Wednesday 20 October 2010

A Test with a New Poem --Austin Givens

I know its abstract, and a lot of gray hairs have told me to avoid abstractions at all times. But, I mean just don't take things so seriously. I wanted to create something that hangs in the air this time around. not necessarily something that sits in your living room. A poem that tries to live in the space between the freeway overpass and a loaded semi-truck. Mostly I am trying to test out a new clean html word converter in order to fix this vertical poem thing going on at almost every blog. If anyone out there knows some sort of solution, please help.
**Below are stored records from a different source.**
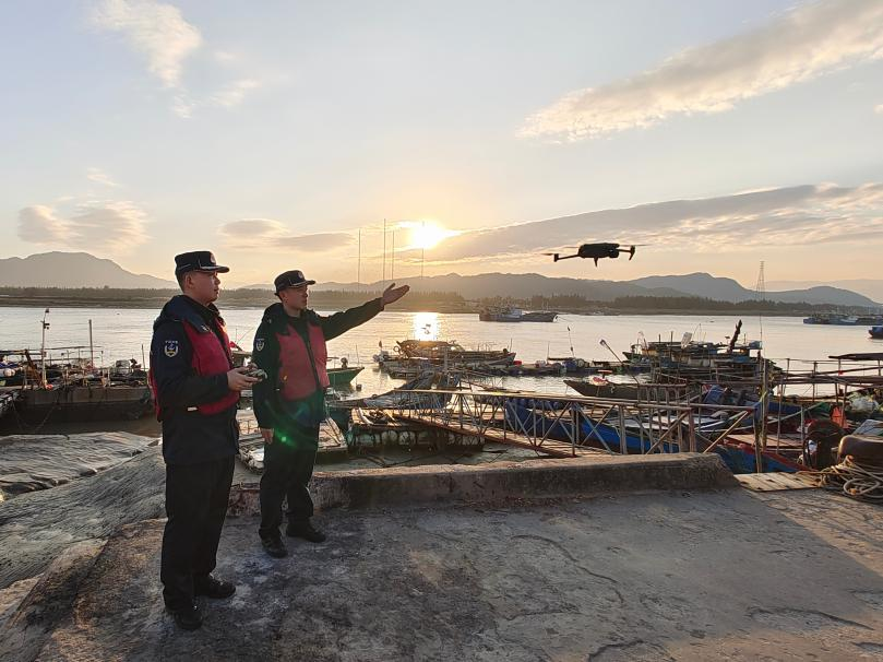 圖為海警執(zhí)法員利用無人機(jī)對(duì)轄區(qū)漁港岙口進(jìn)行巡查。袁冠卿 攝
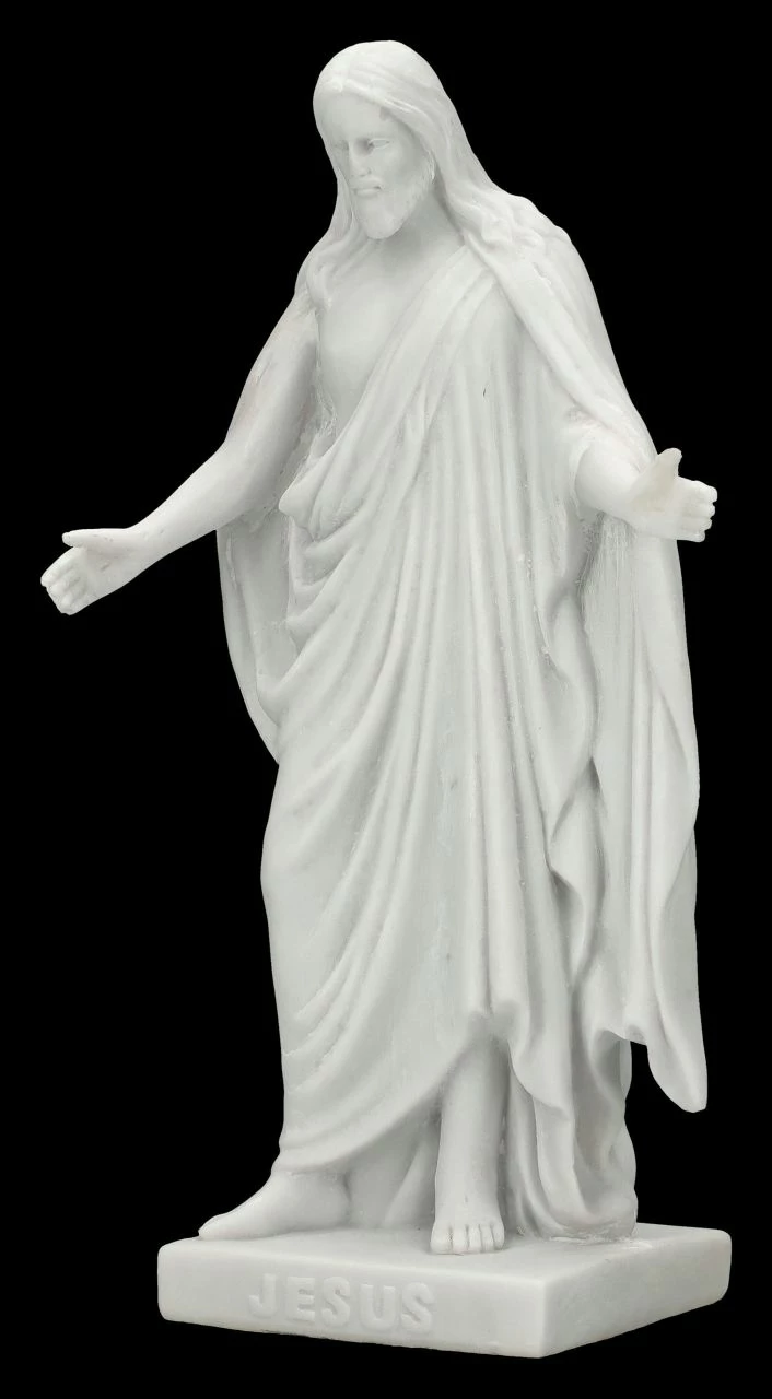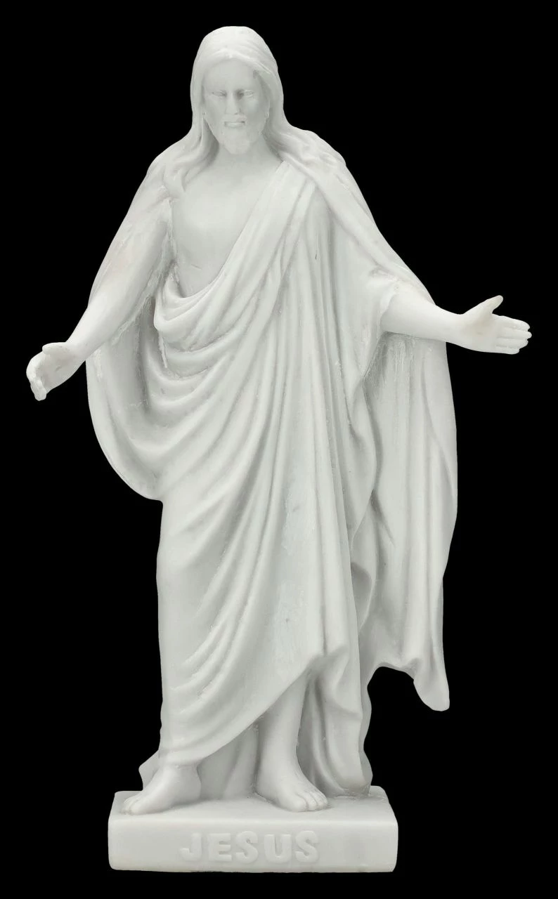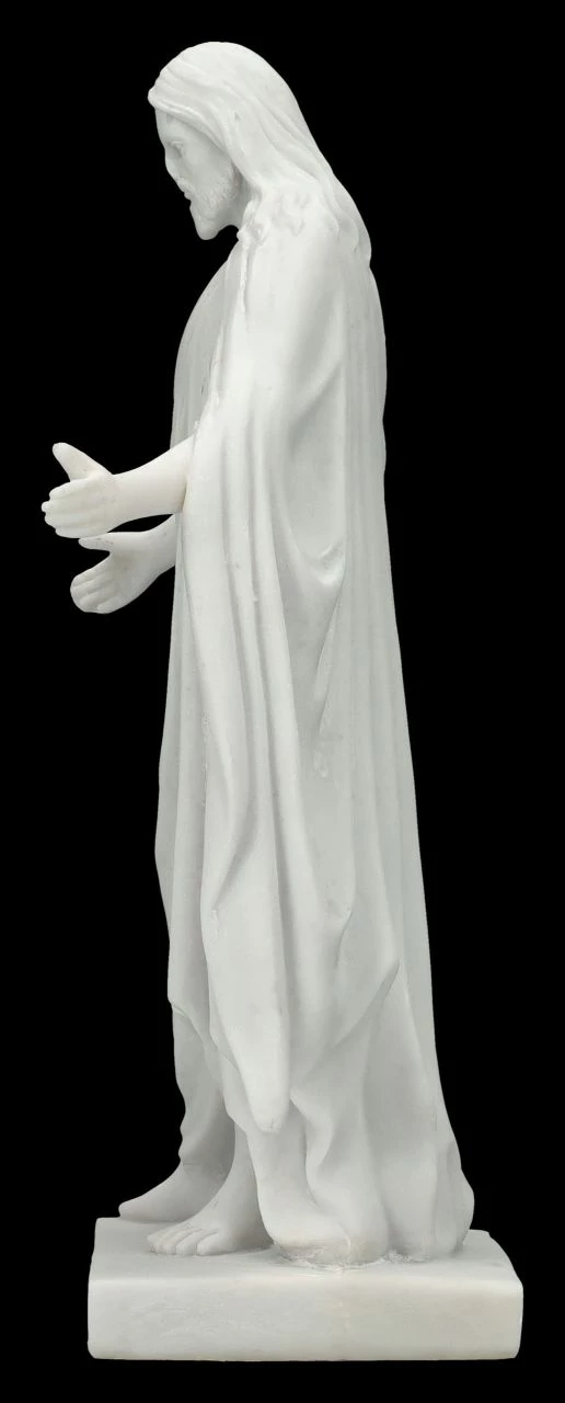 Wie aus weißem Marmor gemeißelt wirkt diese schlichte, aber damit auch sehr schöne Heiligenfigur. Mit ausgebreiteten Armen steht die 20,5 cm hohe, 11,5 cm breite und 10,5 cm tiefe Jesus Christus Figur aus Kunststein (Polyresin) auf einem mit seinem Namen bezeichneten Podest. Sie wird gerade durch die Schlichtheit zum Blickfang und Mittelpunkt auf einem privaten Altar und ist daher auch ein ganz besonderes Geschenk.
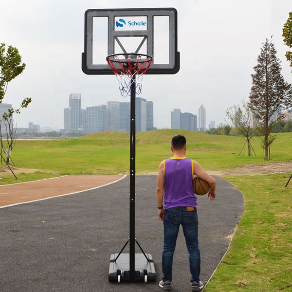 Мобильная стойка Scholle S003-21 с диаметром баскетбольного кольца 45 см. (18’) и размером щита 110 x 75 см. Бесступенчатая регулировка высоты кольца от 1,50 до 3,05 м. Предназначена для игры в баскетбол (стритбол) как в помещениях, так и на улице. Имеет устойчивую конструкцию и усиленное металлическое кольцо для активной игры. Емкость основания заполняется 65 кг воды или песка. Встроенные в основание транспортировочные колеса облегчают транспортировку.
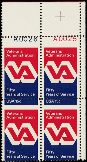 1825, Misperforated ERROR Plate Block 15¢ Veterans Stamps - Stuart Katz
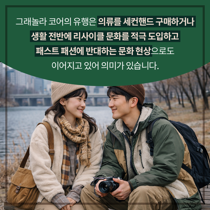 그래놀라 코어의 유행은 의류를 세컨핸드 구매하거나 생활 전반에 리사이클 문화를 적극 도입하고 패스트 패션에 반대하는 문화 현상으로도 이어지고 있어 의미가 있습니다.
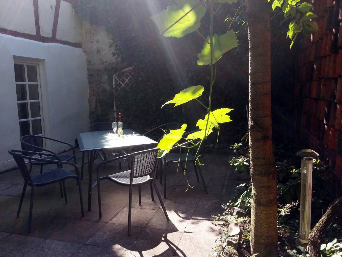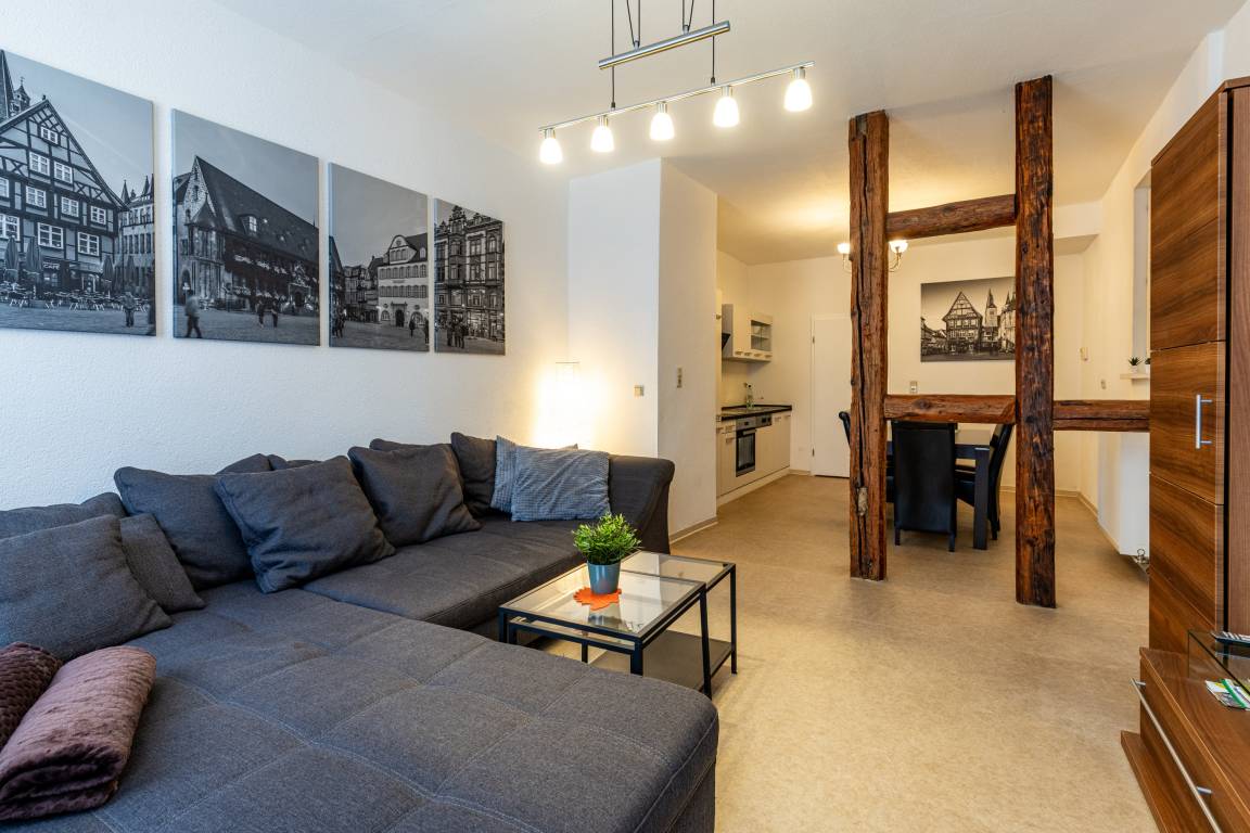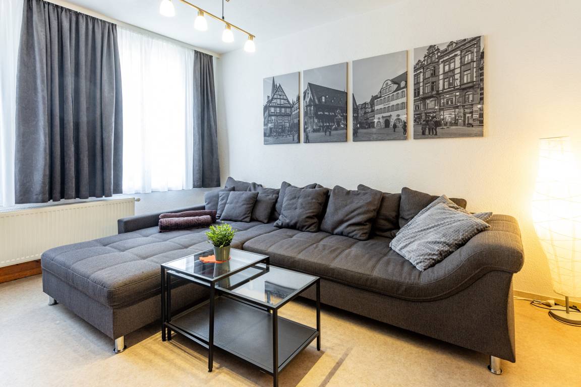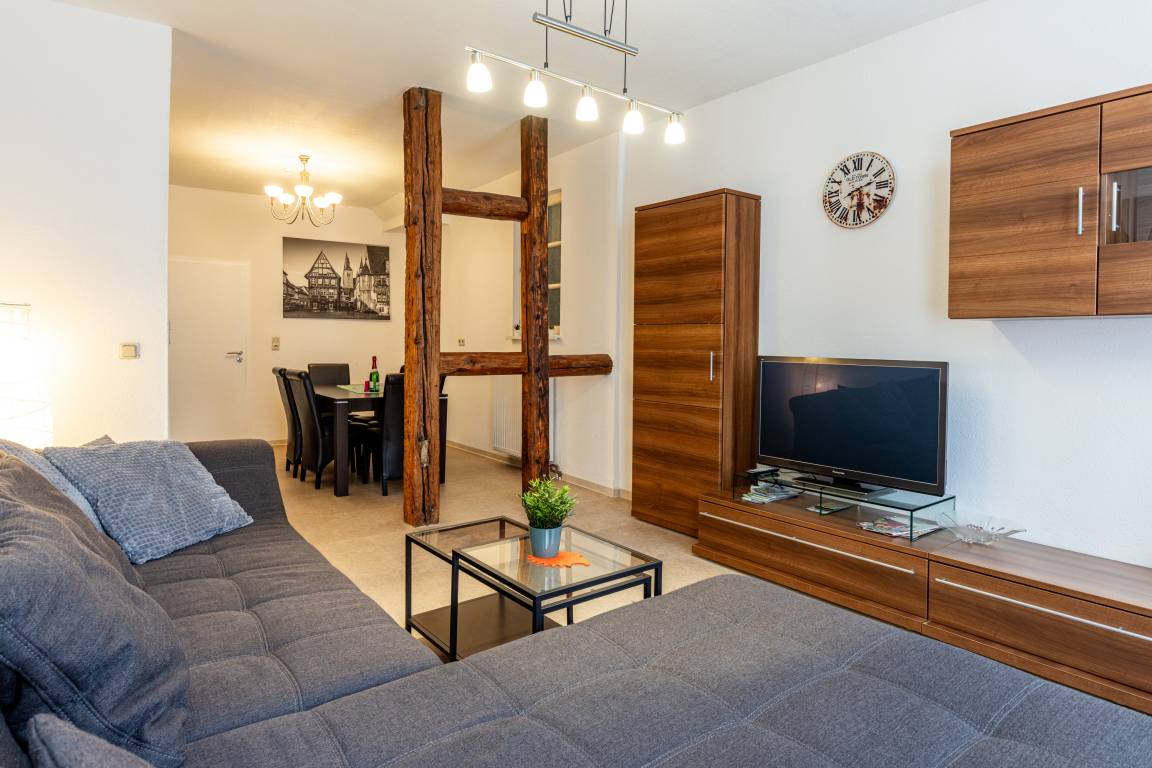 Unsere Ferienwohnung "Zum rost'gen Potte" ist zwar ein echtes Denkmal, trotzdem modern eingerichtet und wurde 2021 frisch renoviert. Im Schlafzimmer entspannen Sie auf einem breiten Boxspringbett - Ihr Gepäck verstauen Sie bequem im separaten Kleiderschrank. Das 2. Schlafzimmer verfügt über 2 Einzelbetten im Himmelbett-Stil. Im Wohnzimmer wartet eine moderne ausziehbare Wohnlandschaft auf Sie - genießen Sie Ihren Abend bei einem guten Glas Wein und einem Buch oder machen Sie sich einen gemütlichen Fernsehabend vor unserem Flachbild-TV! Die Wohnlandschaft kann bei Bedarf auch in eine dritte Schlafmöglichkeit verwandelt werden. Zusätzlich gibt es im Wohnzimmer einen separaten Eßbereich. Die modern eingerichtete Küche verfügt über einen Herd mit Ceranfeld, Backofen, Spülmaschine, Kühlschrank mit Tiefkühlfach, Wasserkocher, Kaffeemaschine und Toaster. Im Bad finden Sie Dusche, Badewanne, Waschbecken, Waschmaschine und WC. Die Ferienwohnung verfügt über kostenloses W-Lan. Fahrräder können in der Hofdurchfahrt sicher und überdacht abgestellt werden.

No wonder no one spaces their poems like the modernists.

My Poor Feet.doc

My Poor Feet, Gone again, Round the Bend

 

With silver in your soul, won't you come ask me again?

        I can't stand

                the rest of the world

        without you in it.

                With silver in your soul,

                                 I will walk again tomorrow.

 

I got a letter,

        a voice from the devil, when I was finally doing fine.

I got a letter,

        a whisper from the howling wind,

                 eating the moon spying on our

                        naked forms at midnight.

 

It said something about starving twins in China

It said something about our circus show and occupations

It said something about a poetic spirit in the snow

It said something that sounded like ash three hundred years after its fire

        the fire where it glowed and danced

                and rose and fell with a mothers tears.

 

And I'm just wondering what kind of golden child you can have

with letters chained around our neck.

With letters hanging from our neck

With judges tying letters around our neck

with death just neath' a hole in the gallows.

 

I don't have to stay, and neither do you

        We're all just hound dogs by mid-day.

I don't have to stay, and neither do you

        They will put blood on our teeth

                and we will hunt outlaws

They will burn books and letters and homes of outlaws with children and mothers

        and they will use our noses

they will make us wander till we die in the mud.

                

 

I got a letter, a whisper from the shadow of the wind:

        What shall we do? What shall we do?